### Source data ###

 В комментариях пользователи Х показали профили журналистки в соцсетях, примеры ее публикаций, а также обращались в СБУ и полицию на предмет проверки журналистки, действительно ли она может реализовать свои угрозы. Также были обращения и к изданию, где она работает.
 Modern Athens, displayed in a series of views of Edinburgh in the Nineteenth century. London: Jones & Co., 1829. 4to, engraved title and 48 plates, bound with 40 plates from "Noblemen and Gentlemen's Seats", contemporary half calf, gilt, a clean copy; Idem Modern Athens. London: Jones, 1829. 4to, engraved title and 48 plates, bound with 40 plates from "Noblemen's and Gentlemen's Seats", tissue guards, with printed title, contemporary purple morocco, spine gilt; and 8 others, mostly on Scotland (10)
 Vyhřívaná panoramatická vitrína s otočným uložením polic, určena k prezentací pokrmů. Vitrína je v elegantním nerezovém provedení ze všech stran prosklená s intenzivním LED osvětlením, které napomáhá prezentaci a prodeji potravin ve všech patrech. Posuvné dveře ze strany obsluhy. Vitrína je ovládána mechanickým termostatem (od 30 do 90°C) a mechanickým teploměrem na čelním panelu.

###
### Source data ###

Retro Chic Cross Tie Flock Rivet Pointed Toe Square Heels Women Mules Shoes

###

**Problem description**
All that is wanted is an exact copy of the lines above from the one with "В комментариях пользователи" through the one with "Vyhřívaná panoramatická vitrína", with both ends included.

**Your solution**
 В комментариях пользователи Х показали профили журналистки в соцсетях, примеры ее публикаций, а также обращались в СБУ и полицию на предмет проверки журналистки, действительно ли она может реализовать свои угрозы. Также были обращения и к изданию, где она работает.
 Modern Athens, displayed in a series of views of Edinburgh in the Nineteenth century. London: Jones & Co., 1829. 4to, engraved title and 48 plates, bound with 40 plates from "Noblemen and Gentlemen's Seats", contemporary half calf, gilt, a clean copy; Idem Modern Athens. London: Jones, 1829. 4to, engraved title and 48 plates, bound with 40 plates from "Noblemen's and Gentlemen's Seats", tissue guards, with printed title, contemporary purple morocco, spine gilt; and 8 others, mostly on Scotland (10)
 Vyhřívaná panoramatická vitrína s otočným uložením polic, určena k prezentací pokrmů. Vitrína je v elegantním nerezovém provedení ze všech stran prosklená s intenzivním LED osvětlením, které napomáhá prezentaci a prodeji potravin ve všech patrech. Posuvné dveře ze strany obsluhy. Vitrína je ovládána mechanickým termostatem (od 30 do 90°C) a mechanickým teploměrem na čelním panelu.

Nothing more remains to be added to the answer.